Но друг драгоценный Миша Ларионов – это совсем иного рода явление, человек небывалый, особый.

Это был прирождённый, а также убеждённый, неугомонный, артистичный, азартный, рисковый и отчаянный заводила.

Настоящий, чистой воды, как алмаз уникальный, лидер.

Его новизной поражающие, бесчисленные идеи вызывали к жизни порою целые школы, целые художественные течения.

И славные годы дружбы с ним для Фонвизина так и остались доселе самыми лучшими, дорогими воспоминаниями.

Вот о чём, если вкратце, пунктиром, и не более, нынче сказать, без подробностей, без деталей характерных, без ощущений, мимолётных и более стойких, от всего, что вставало вокруг ореолом светящимся, шлейфом возникало, тянулось вдаль, воскрешало связи незримые, укрепляло духовные нити, возвышалось, подобно сиянию, над словами, над акварелями, порывалось вернуться назад, уводило куда-то вперёд, к неизведанным высям, дышало правотою искусства, когда-то, майским, солнечным, жарким днём, в середине шестидесятых, говорил с нами добрый волшебник и великий художник, Фонвизин.

Я надеюсь, что, может быть, в будущем, если это удастся, кто знает ведь, как ведёт за собою речь, как мои появляются книги, я и сам не знаю, и только жду смиренно голоса свыше, звука жду всегда изначального, за которым приходит вся музыка, ритм приходит, пластика, строй, чтобы внутренним зрением видеть книгу, словно соты пчелиные, чтобы следовать вновь за речью, и она-то сама и сложит книгу новую, соберёт, образует единство некое звуков, красок, мыслей и слов, я ещё расскажу о своём общении с ним поподробнее.

А пока что, покуда нынешняя продолжается книга, и в ней тоже всё же кое-что сказано, согласитесь со мной, – вот о чём.

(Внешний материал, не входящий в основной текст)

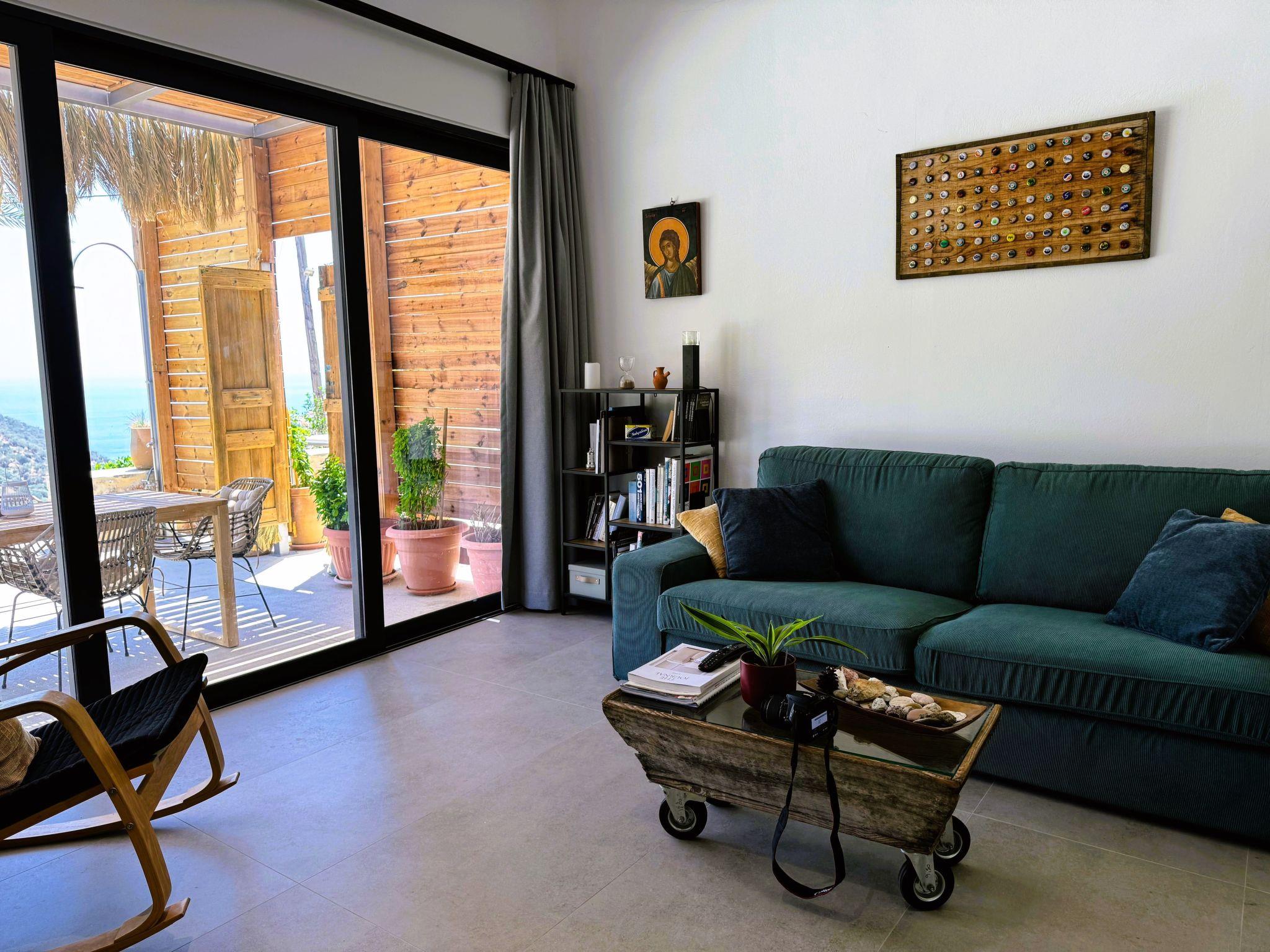The allure of South Palms extends to its captivating outdoor area. Here, a private garden awaits guests, offering an exclusive oasis for unwinding amidst the beauty of Crete. The garden's standout feature, a modern pool, offers a refreshing respite from the warm sun and a chance to relax while taking in the serene views. The entire outdoor space is fully fenced and tailored to ensure privacy and security, providing a peaceful dog-proof haven for guests and their furry friends.
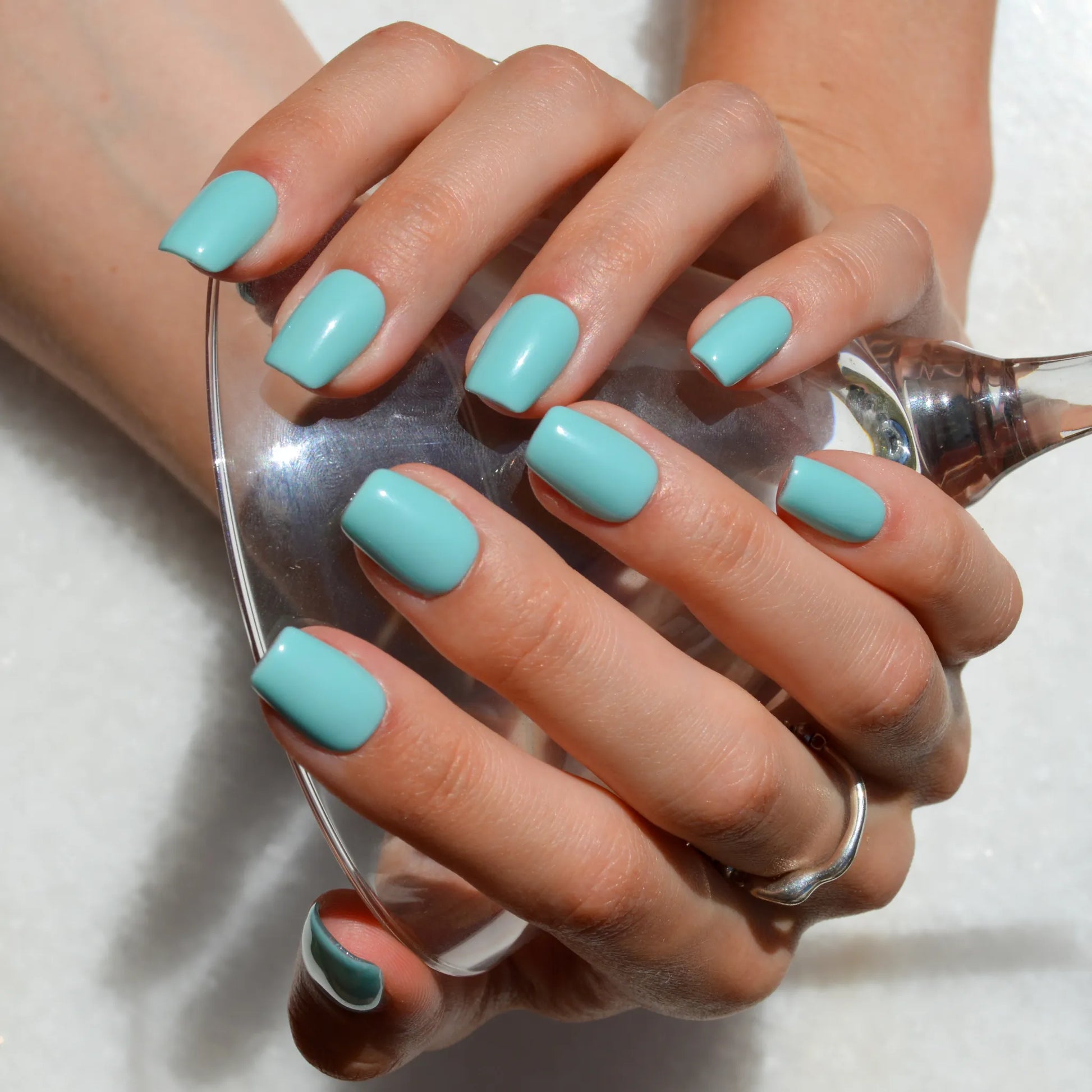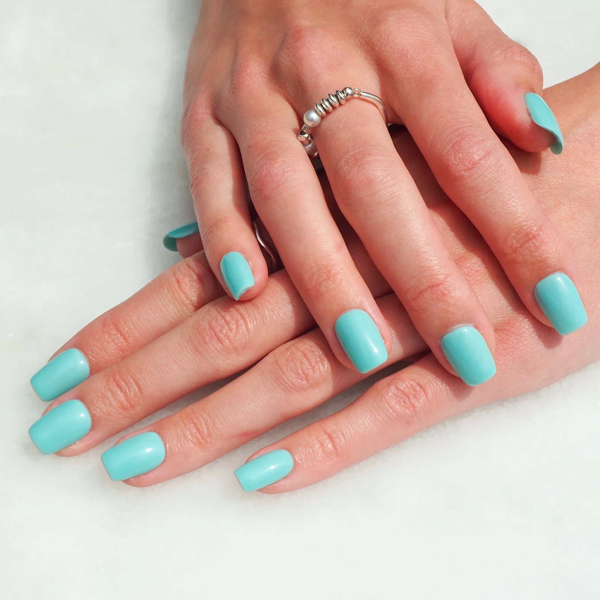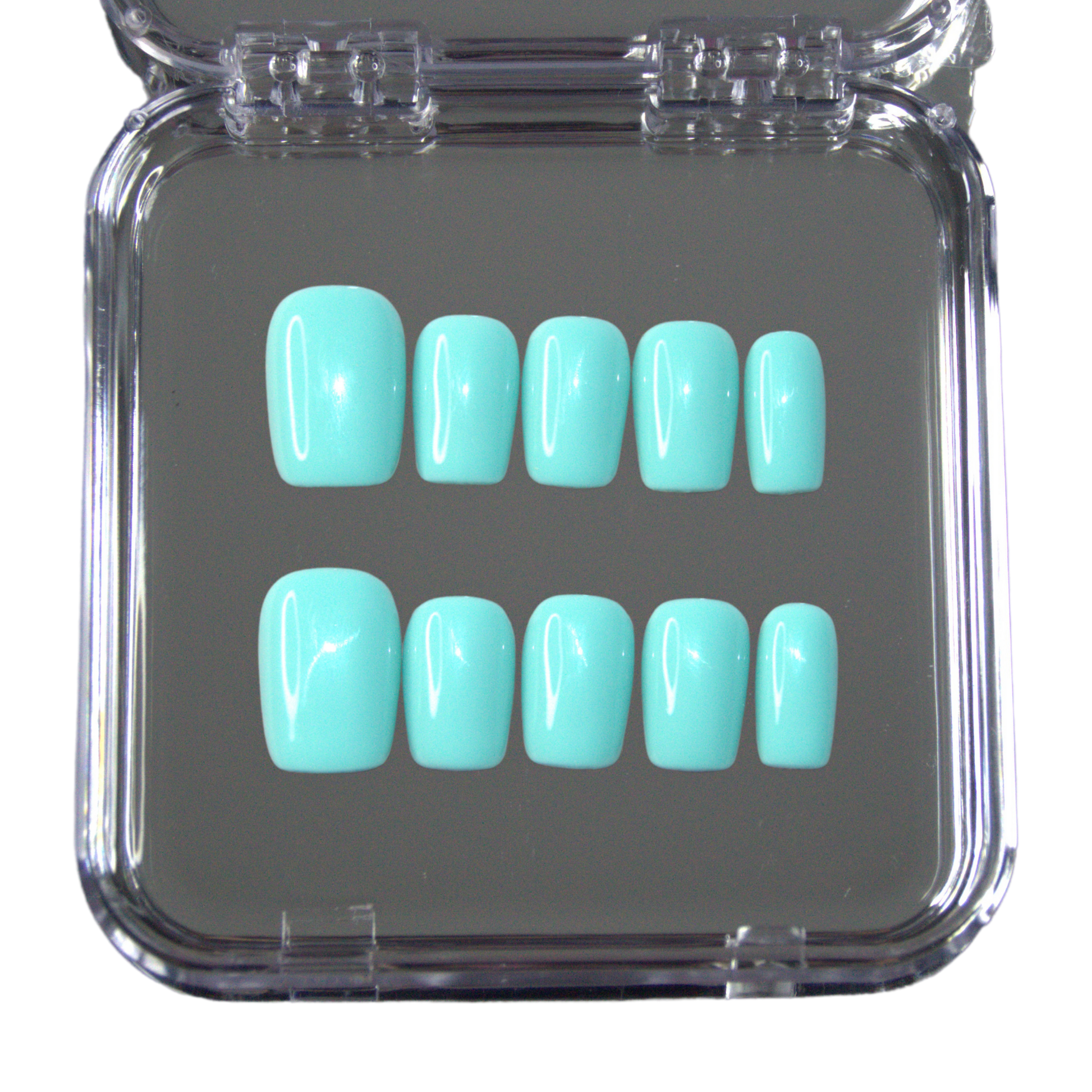 Faux ongles press-on faits main en turquoise lumineux, au fini lisse et brillant. Un design simple et éclatant qui apporte une touche colorée et élégante à la manucure.

Ещё во время порывистых, импульсивных, то с отступлениями куда-то в далёкое прошлое, то с новыми возвращениями в настоящее, то с нежданными обобщениями и того, и другого, длящихся на протяжении светлого, жаркого майского дня, с просмотром работ, с чаепитием неспешным, совсем домашним, с вопросами и ответами бессчётными, наших бесед, я заметил, слегка смутившись и несколько озадачившись, гадая, к чему бы такое повышенное внимание к особе моей, что Фонвизин всё время ко мне присматривается.

А когда мы уже собирались уходить и тепло прощались в прихожей с четой лебединой Фонвизиных, – именно так, лебединой, такими они для меня и когда-то были, и остались доселе в памяти лебединой чудесной четой, – сквозь года, с их сумбуром и бредом, с изнурительной хмарью бесчасья, с бестолковщиной междувременья, – подошёл он ко мне и сказал:

– Володя, пожалуйста, вы приходите ко мне. Поскорее! Я очень хочу, поймите меня, написать ваш портрет!

Я сказал, что приду непременно.

И пришёл к нему вскоре снова, созвонившись, уже один.

Я знал, что Фонвизин долго и тяжело болел.

Ему, художнику, зрение для которого было всем, было первой необходимостью, было жизнью, было работой, угрожала полнейшая, страшная, безысходная слепота.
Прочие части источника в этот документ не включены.